Australian research looks at hospital acquired medical complications

Dr Ananya Mandal, MD

A new study has shown that one in nine Australian patients who were hospitalized between 2012 and 2015, suffered from one or the other hospital acquired complication. These complications are usually of a preventable nature and occur when there is a deficiency in patient care.

This could be a hospital acquired infection or medication errors, pressure or bed sores, malnutrition and even a breach in hygiene protocols finds the study. The report released from Grattan Institute is titled, “All complications should count: Using our data to make hospitals safer,” and looks into comparative hospital performance in terms of complications associated with healthcare.

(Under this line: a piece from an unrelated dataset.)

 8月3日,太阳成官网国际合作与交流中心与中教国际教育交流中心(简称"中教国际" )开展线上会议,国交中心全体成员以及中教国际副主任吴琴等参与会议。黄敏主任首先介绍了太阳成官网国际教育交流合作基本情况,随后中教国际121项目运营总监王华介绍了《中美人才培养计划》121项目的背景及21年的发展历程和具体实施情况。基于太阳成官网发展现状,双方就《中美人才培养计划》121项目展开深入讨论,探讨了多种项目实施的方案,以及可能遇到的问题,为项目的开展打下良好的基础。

The report looked at the hospital acquired complications that are preventable but may occur on hospital admissions in a large number of patients. It shows that there is a wide variation (2.9 percent to 16.6 percent) in terms of risk of these complications in these hospitals and patients need to be aware of these preventable complications to reduce morbidity. This report aims to improve the safety of care in the hospitals. They authors write that the risk of complications on the same day of admission is low at around 3 percent of all admissions. However for every four patients who stays at the hospital for a night, one gets a complication associated with hospital stay, they note.

They do not identify the hospitals that have higher rates of complications and those that have low rates of complications in their report but mention that the rates are varied. The team for example looked at knee replacement procedures at three hospitals and mapped out the rates of complications associated with the operation and hospital stay. While one hospital shows lower rates of complications, it could be because they care better for the elderly patients than the other two, they write.

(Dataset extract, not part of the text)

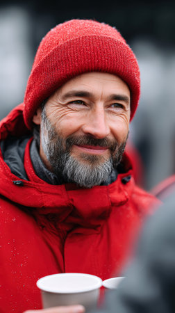 Happy man with gray beard, dressed in red winter attire, holding a warm beverage, enjoying a lively outdoor gathering with blurred people in the background

Authors of the report emphasize the importance of this report saying that there are differences in rates of complications among hospitals but there is no ready reference such as these for the Australian hospitals. They mention the importance of improving patient care, reducing pain and health risks for the patients as well as reducing health care costs, insurance premiums and hospital stays for patients that occur if there are complications.

The authors write that all patients should be aware of their risks and the risks should be stratified according to age, gender, health conditions, other diseases etc. Most patients are not aware of the risks they might face on hospital admission, the authors write. While some of these complications may be simple and curable easily, yet others may be life threatening. Grattan Institute Health Program Director Stephen Duckett said that these were the “best kept secrets” from the public as well as from hospitals and doctors themselves and this needs to change.

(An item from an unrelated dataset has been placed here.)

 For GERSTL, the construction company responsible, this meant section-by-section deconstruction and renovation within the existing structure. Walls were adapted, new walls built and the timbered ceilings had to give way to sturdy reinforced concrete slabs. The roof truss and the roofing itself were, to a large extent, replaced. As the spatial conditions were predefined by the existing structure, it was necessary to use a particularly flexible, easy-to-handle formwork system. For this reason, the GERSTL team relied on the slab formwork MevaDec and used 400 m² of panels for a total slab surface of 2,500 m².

The authors of the report urge state governments and private health insurers to understand and share this information with the general public to increase awareness. Recent updated information regarding comparative performance of the hospitals should be available. They say that if the hospitals are not aware of their problems and compare themselves with their peers, they are less likely to work on their problem areas and improve them.

Some of the advisories that the report sends out to hospitals include four simple recommendations;

  • Establishment of goals to reduce complication rates in public and private hospitals in all states and territories
  • Hospitals and clinicians of all states and territories need to be able to look at all patient performances everywhere in order to compare. Strategies for improvement can be devised from these observations.
  • All states and territories should publish the information regarding complications from the hospitals under their umbrella. This includes both public and private hospitals.

Health insurers should provide the members with the comparative information regarding the complication rates of the hospitals.